An Italian court has sentenced former Atlantia chief executive Giovanni Castellucci to 12 years in prison over the 2018 collapse of the Morandi motorway bridge in Genoa, one of Italy’s deadliest infrastructure disasters in recent history.
The ruling was delivered on Thursday following a lengthy criminal trial examining responsibility for the bridge failure that claimed the lives of 43 people.
At the time of the disaster, Atlantia was the majority shareholder of motorway operator Autostrade per l’Italia, which managed the bridge.
Family members of those killed attended the hearing as the court announced its verdict, marking another major development in a case that has come to symbolize both the search for accountability and the lengthy nature of complex criminal proceedings in Italy.

Under Italy’s judicial system, the conviction is not final and can still be challenged through multiple levels of appeal.
Castellucci was not present in court. He is already serving a separate six-year prison sentence linked to another fatal motorway incident that occurred in southern Italy in 2013.
The Genoa trial involved 57 defendants, including former company executives, engineers and officials from Italy’s transport ministry. Prosecutors brought charges ranging from multiple counts of manslaughter to criminal negligence.
The Morandi Bridge collapsed on August 14, 2018, during a severe summer storm.
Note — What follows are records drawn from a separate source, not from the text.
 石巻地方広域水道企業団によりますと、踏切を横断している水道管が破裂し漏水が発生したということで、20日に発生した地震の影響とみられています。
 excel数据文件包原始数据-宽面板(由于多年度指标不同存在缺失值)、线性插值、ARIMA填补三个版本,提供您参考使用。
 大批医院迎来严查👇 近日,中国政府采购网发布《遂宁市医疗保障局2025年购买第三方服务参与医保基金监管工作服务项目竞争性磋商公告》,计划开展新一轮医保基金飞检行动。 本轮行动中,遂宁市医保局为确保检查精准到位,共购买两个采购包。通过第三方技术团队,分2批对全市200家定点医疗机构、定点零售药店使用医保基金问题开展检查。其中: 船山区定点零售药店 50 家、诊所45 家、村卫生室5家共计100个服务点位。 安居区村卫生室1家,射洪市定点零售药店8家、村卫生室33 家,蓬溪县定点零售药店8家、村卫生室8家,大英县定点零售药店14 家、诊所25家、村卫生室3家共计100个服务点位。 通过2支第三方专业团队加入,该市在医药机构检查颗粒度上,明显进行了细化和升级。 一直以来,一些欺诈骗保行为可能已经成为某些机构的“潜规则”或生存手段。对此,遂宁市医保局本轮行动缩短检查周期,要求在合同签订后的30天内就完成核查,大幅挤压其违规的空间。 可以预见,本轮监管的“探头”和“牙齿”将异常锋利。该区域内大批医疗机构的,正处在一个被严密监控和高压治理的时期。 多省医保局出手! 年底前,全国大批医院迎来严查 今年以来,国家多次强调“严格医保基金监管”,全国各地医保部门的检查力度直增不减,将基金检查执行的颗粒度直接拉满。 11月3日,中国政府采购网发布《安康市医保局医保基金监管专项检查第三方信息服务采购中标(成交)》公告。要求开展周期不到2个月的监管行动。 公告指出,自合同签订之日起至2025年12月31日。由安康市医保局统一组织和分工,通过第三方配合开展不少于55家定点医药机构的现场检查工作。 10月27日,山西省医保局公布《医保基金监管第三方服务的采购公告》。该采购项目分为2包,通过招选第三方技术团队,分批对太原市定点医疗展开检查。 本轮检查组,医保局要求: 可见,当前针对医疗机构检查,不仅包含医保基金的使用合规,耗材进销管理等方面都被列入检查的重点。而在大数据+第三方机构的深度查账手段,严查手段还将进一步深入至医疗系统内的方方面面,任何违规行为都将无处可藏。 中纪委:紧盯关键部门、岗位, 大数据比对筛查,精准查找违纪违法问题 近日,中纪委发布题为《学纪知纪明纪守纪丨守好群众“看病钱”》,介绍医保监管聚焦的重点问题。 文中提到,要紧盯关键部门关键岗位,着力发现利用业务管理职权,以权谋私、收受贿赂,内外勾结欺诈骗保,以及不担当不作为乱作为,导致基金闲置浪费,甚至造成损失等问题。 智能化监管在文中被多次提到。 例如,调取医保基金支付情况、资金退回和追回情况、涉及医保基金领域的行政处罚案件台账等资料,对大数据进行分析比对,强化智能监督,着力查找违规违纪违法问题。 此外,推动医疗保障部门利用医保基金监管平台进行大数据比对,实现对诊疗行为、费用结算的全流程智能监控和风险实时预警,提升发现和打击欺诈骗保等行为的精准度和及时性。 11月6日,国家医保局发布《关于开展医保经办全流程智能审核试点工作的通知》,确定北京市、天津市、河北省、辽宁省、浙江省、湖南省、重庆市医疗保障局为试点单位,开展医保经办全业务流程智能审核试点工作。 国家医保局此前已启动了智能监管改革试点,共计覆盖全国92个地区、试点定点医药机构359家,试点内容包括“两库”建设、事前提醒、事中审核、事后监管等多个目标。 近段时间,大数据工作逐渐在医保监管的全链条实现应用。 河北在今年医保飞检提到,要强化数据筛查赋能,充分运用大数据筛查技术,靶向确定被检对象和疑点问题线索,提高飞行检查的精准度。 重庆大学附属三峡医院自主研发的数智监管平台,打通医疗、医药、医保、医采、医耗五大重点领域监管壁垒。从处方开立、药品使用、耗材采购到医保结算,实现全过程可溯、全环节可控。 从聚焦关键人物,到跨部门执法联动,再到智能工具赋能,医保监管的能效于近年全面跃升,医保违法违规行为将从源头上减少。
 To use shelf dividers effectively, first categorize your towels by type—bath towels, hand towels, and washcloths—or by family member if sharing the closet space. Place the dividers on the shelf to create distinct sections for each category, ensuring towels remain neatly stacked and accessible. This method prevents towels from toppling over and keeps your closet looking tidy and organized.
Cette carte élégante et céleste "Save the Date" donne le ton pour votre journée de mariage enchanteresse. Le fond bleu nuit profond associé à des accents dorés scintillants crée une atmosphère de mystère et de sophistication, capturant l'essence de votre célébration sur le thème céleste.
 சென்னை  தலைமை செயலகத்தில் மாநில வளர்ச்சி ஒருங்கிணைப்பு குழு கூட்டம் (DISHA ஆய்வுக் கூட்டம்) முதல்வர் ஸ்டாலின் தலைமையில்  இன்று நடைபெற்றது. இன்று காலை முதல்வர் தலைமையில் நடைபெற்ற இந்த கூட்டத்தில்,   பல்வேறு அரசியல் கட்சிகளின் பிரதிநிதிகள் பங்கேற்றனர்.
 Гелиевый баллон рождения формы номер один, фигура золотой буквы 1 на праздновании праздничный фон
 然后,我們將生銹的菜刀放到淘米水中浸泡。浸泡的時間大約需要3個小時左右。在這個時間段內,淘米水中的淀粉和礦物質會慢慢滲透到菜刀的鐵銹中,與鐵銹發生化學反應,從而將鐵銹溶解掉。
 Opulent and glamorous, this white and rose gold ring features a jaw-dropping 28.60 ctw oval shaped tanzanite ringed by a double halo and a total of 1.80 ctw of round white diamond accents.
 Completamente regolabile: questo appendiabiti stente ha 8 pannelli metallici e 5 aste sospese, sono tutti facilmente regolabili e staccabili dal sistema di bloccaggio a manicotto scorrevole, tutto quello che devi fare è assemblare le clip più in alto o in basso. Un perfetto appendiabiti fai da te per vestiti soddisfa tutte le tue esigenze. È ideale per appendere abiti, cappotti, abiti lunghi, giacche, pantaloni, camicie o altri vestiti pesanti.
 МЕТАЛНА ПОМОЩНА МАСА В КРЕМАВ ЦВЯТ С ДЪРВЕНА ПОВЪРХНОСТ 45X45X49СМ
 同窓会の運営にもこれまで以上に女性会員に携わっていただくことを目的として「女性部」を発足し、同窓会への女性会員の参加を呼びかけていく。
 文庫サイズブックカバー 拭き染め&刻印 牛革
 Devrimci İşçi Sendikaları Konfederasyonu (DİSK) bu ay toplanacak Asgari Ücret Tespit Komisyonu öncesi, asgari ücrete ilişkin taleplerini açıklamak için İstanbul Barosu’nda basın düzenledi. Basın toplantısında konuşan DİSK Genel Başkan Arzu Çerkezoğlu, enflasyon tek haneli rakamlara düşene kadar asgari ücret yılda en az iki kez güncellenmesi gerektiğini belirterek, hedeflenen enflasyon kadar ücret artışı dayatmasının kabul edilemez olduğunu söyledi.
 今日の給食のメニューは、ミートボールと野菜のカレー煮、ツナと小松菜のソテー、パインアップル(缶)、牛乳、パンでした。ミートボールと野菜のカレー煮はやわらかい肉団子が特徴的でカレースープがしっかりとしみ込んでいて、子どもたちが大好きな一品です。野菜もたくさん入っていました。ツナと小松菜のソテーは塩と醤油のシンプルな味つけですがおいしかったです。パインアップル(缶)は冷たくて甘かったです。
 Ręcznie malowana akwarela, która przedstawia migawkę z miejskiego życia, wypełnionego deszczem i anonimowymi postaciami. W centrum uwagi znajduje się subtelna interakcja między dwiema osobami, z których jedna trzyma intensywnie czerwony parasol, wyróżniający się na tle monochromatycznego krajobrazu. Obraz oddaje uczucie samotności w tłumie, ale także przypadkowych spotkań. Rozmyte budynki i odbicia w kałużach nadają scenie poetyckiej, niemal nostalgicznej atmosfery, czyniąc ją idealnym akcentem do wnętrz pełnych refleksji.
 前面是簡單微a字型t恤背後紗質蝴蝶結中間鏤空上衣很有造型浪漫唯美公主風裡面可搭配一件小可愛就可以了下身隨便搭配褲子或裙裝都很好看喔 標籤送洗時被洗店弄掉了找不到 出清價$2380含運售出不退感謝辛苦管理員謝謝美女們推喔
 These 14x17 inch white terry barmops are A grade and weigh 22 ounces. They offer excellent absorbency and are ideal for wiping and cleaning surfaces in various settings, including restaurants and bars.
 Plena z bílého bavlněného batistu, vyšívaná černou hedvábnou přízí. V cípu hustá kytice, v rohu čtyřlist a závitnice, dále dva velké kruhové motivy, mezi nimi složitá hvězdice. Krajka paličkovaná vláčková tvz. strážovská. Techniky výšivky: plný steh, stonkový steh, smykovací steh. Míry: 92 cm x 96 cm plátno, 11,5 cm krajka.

A section approximately 50 metres above the ground gave way while vehicles were crossing, sending dozens of cars and trucks crashing onto warehouses and a riverbed below.
Authorities estimated that as many as 35 vehicles were on the affected section of the bridge when it failed.
The tragedy shocked Italy and sparked widespread concern about the condition of the country’s ageing transport infrastructure. It also led to years of investigations into inspection procedures, maintenance practices and corporate oversight.
The collapse triggered a political dispute between Atlantia, then controlled by the Benetton family, and the Italian government. The conflict ultimately resulted in Atlantia selling its controlling stake in Autostrade per l’Italia.
Ahead of Thursday’s verdict, Autostrade per l’Italia Chief Executive Arrigo Giana issued a public apology to the victims’ families, the people of Genoa and the wider Italian public, acknowledging the suffering caused by the disaster while pledging to prevent a similar tragedy in the future.
During the trial, prosecutors argued that years of inadequate maintenance, ignored structural warnings and repeated delays to essential repair work contributed directly to the bridge’s collapse. They alleged that necessary safety interventions were postponed while the company continued generating profits.
Lawyers representing the defendants rejected those claims. They argued that the collapse resulted from an inherent design flaw involving one of the bridge’s stay cables and maintained that routine maintenance would not have prevented the failure.
The case remains subject to Italy’s appeals process, meaning the convictions and sentences may still be reviewed by higher courts before becoming legally final.